Question

Find $S_n$ for each of the geometirc series described below.
(i) $a=3,t_8=384,n=8$
(ii) $a=5,r=3,n=12$

Answer 1

(i) It is given that the first term of the geometric series is $a=3$, the $8$th term is $T_8=384$ and the number of terms are $n=8$.

We know that the general term of an geometric progression with first term $a$ and common ratio $r$ is $T_n=a{r}^{n-1}$, therefore,

$T_8=3r^{8-1}\Rightarrow 384=3r^7\Rightarrow r^7=\frac{384}{3}\Rightarrow r^7=128\Rightarrow r^7=2^7\Rightarrow r=2>1$

We also know that the sum of an geometric series with first term $a$ and common ratio $r$ is $S_n=\frac{a(r^n-1)}{r-1}$ if $r>1$

Now, substitute $a=3,r=2$ and $n=8$ in $S_n=\frac{a(r^n-1)}{r-1}$ as follows:

$S_8=\frac{3[{\left(2\right)}^8-1]}{2-1}=\frac{3[{\left(2\right)}^8-1]}{1}=3(256-1)=3\times 255=765$

Hence the sum is $765$.

(ii) It is given that the first term of the geometric series is $a=5$, the common ratio is $r=3>1$ and the number of terms are $n=12$.

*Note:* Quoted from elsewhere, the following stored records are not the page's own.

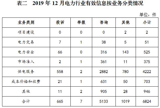 二、分類情況 2019年12月收到的有效信息中: 電力行業(yè)排在首位,有效信息數(shù)量為6824件,占全部有效信息的81.05%;其中受理的投訴舉報數(shù)量為672件,占全部投訴舉報數(shù)量的97.39%。群眾反映的問題主要集中在供電服務、電力安全、成本價格和收費等方面。(2019年11月電力行業(yè)有效信息按業(yè)務分類情況見表二) 新能源和可再生能源行業(yè)排在第二位,有效信息數(shù)量為670件,占全部有效信息的7.96%;其中受理的投訴舉報數(shù)量為18件,占全部投訴舉報數(shù)量的2.61%。群眾反映的問題主要集中在分布式光伏發(fā)電項目并網(wǎng)驗收、上網(wǎng)電費和補貼結算等方面。 石油天然氣行業(yè)排在第三位,有效信息數(shù)量為371件,占全部有效信息的4.41%。有效信息主要集中于咨詢居民燃氣安裝及收費、查詢天然氣行業(yè)標準、反映燃氣使用故障等方面。 其他有效信息合計554件,占全部有效信息的6.58%。其中涉及煤炭行業(yè)的主要內(nèi)容是咨詢煤炭相關產(chǎn)業(yè)政策和文件信息、查詢煤礦項目的審批進度等方面。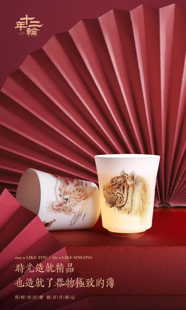 材質(zhì)工藝:羊脂玉瓷,浮雕金花,手描黃金底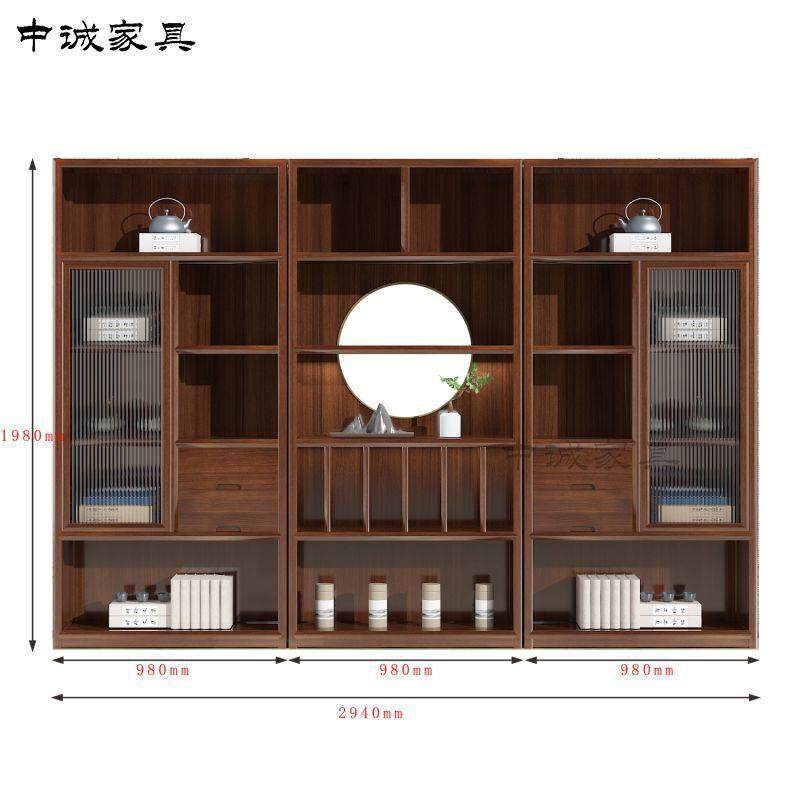 新中式办公室文件柜实木办公桌茶叶储物柜禅意展示柜博古架陈列柜

We know that the sum of an geometric series with first term $a$ and common ratio $r$ is $S_n=\frac{a(r^n-1)}{r-1}$ if $r>1$

Now, substitute $a=5,r=3$ and $n=12$ in $S_n=\frac{a(r^n-1)}{r-1}$ as follows:

$S_{12}=\frac{5[{\left(3\right)}^{12}-1]}{3-1}=\frac{5[{\left(3\right)}^{12}-1]}{2}=\frac{5}{2}[{\left(3\right)}^{12}-1]$

Hence the sum is $\frac{5}{2}[{\left(3\right)}^{12}-1]$.